If councillors don’t pay, then planning permissions that are granted might be left open to challenges, Wallace said.
But that’s not what a spokesperson for the Department of Housing said by email.
“The €20 fee does not apply at area and other official meetings. In relation to discussions on planning applications, councillors may oppose, support or reject applications. However, any specific observations/comments made by elected members do not open the planning application decision to legal challenge,” she said.
“The Planning and Development (Amendment) Bill 2016 provides for Regulations to be made to waive or reduce fees required in the making of observations on applications for planning permissions. It provides that elected members may pay a reduced fee or no fee for making such a submission on a planning application,” she said.
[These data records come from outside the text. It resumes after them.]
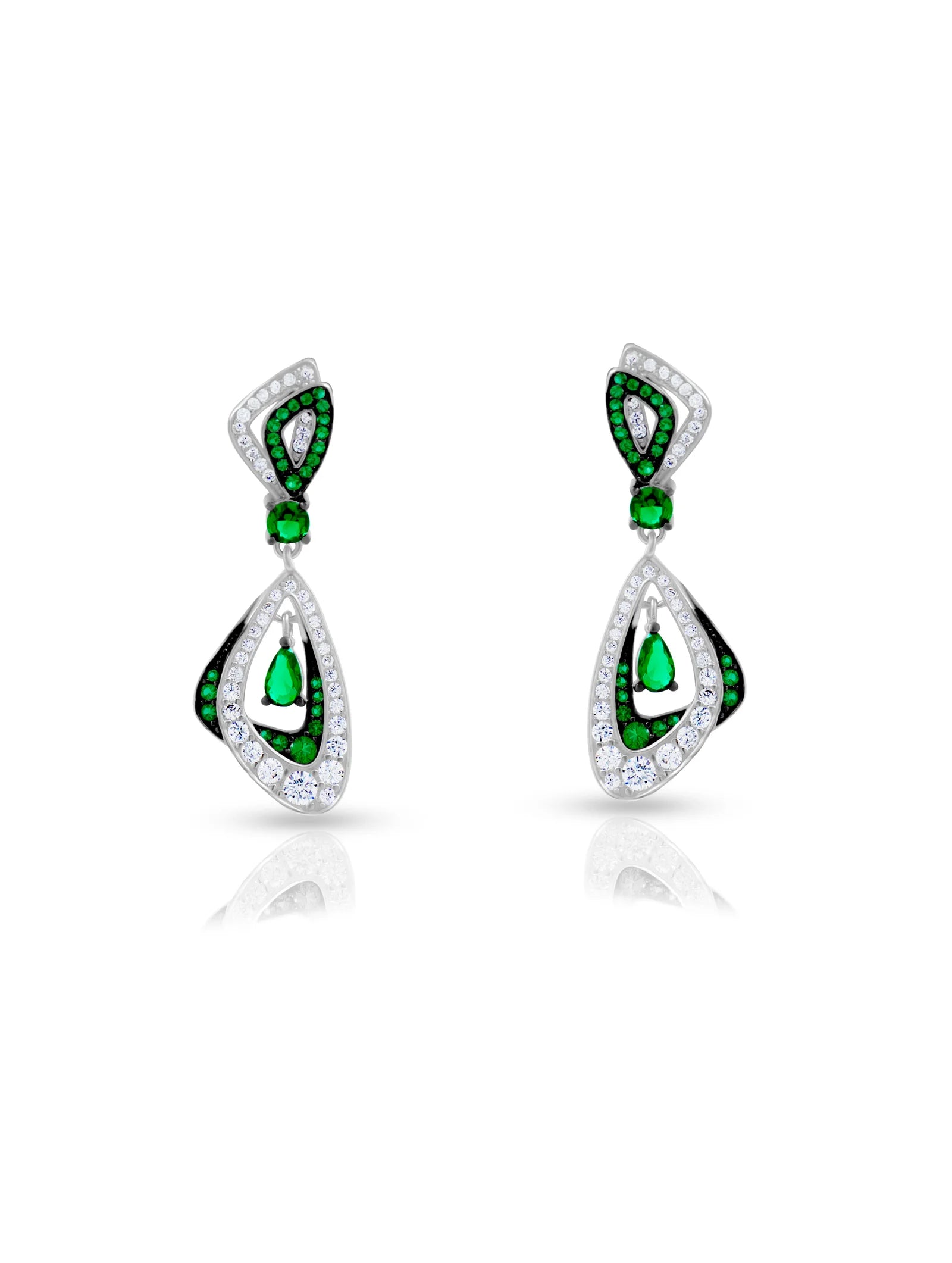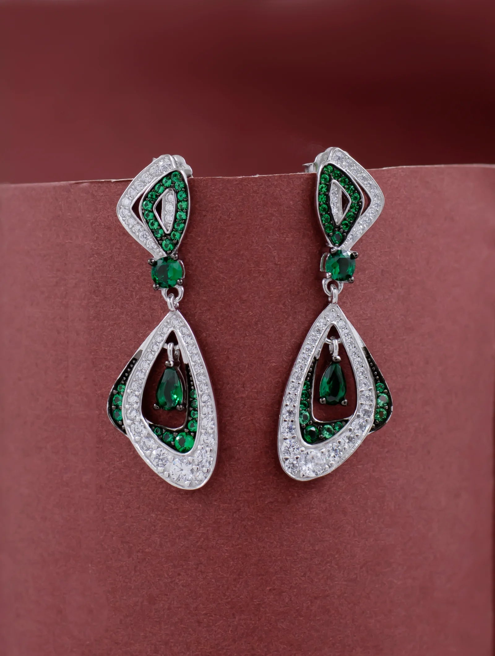 These sterling silver earrings, featuring vibrant green emerald stones surrounded by brilliant white zircons, epitomize the perfect fusion of timeless sophistication and modern allure.
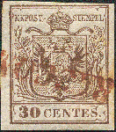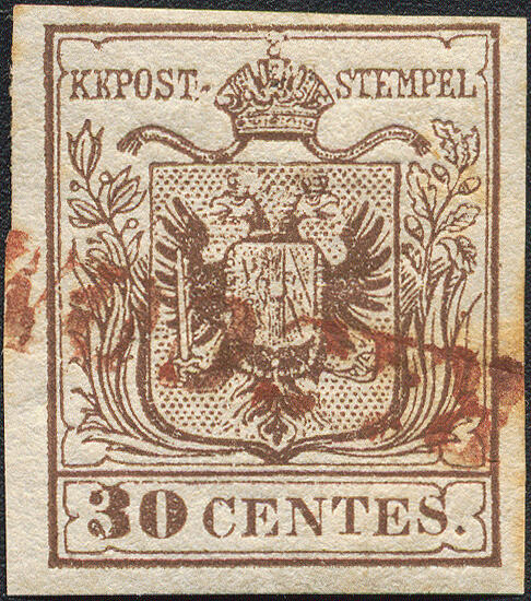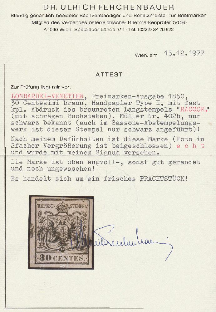 | Zusatzinformationen und Suchstichworte: | 16. Auktion Stilus 6. August 2023 Los 1448 Österreich Lombardei Venetien Österreich, LV, 1850, Raccom, ANK-Nr. 4 H I, 30 Centesimi, 'braun', nahezu kompletter roter Einzeiler; 'RACCOM', im Müller & Sassone nicht gelistet, ungewaschen, einwandfreie Erhaltung, sehr selten Ausruf 650,00 EUR |
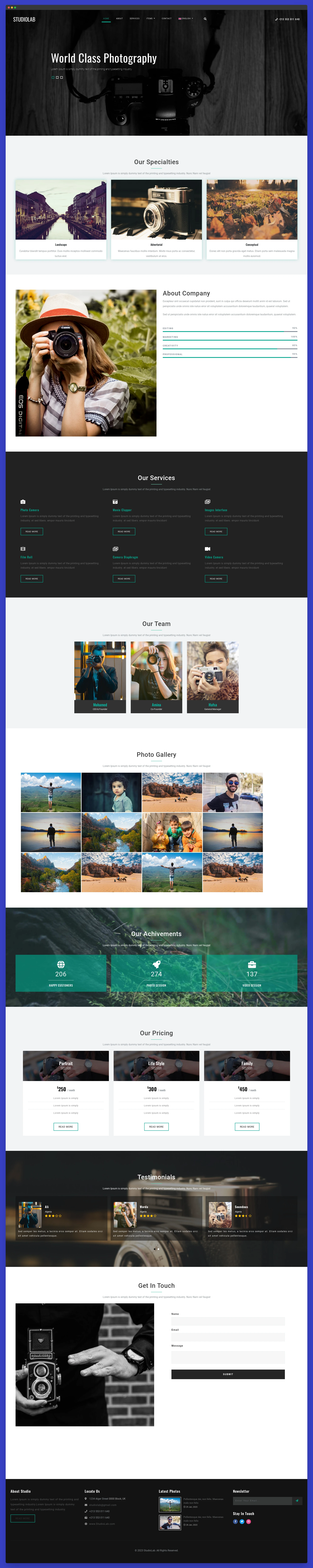 Designed multilingual landing page for the fictional agency "StudioLab" using HTML, CSS, JavaScript, and Bootstrap. This project seamlessly integrates language-switching functionality to cater to both Arabic and English audiences. The use of Bootstrap ensures a responsive and visually appealing layout across various devices. The combination of engaging visuals, clear content, and language flexibility provides an immersive and inclusive user experience, reflecting the fictitious agency's global presence.
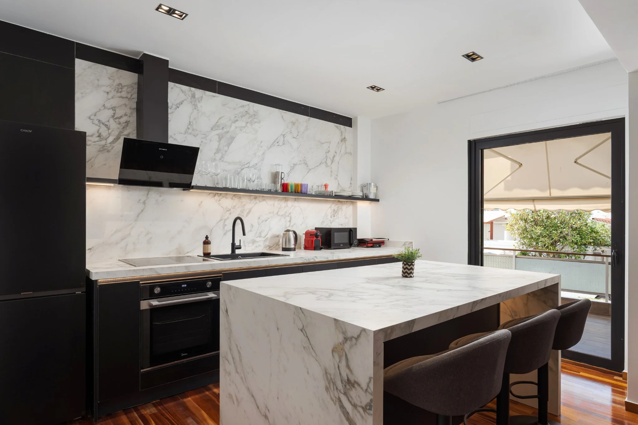 Step onto the private balcony to enjoy morning coffee or evening wine surrounded by the peaceful atmosphere of residential Glyfada.

Councillors at the moment are trying to work out how, if they continue to discuss planning applications in meetings in the future, that might work.
“Do you all run up to the council to pay your €20 before the meeting?” says Lacey. “It’s all just bizarre.”
He says that the way it was done was transparent. “The item was on the agenda, councillors expressed their opinion and the planners had to answer questions in public,” says Lacey. “It’s a withdrawal of an opportunity to engage in public.”
Montague says it is unfair that councillors may be charged for representing the community.
In the past, he submitted concerns around plans for construction at Wadelai Green in Glasnevin, and told planners that the land there floods. They had to put in additional measures for drainage as a result, he says.
Should he submit that kind of information to them in the future, he will need to pay €20 to do so. “It is nonsensical,” he says.
Workers’ Party Councillor Eilis Ryan just thinks nobody should pay, as it weights the system. “It means that companies have a big advantage over residents,” she says.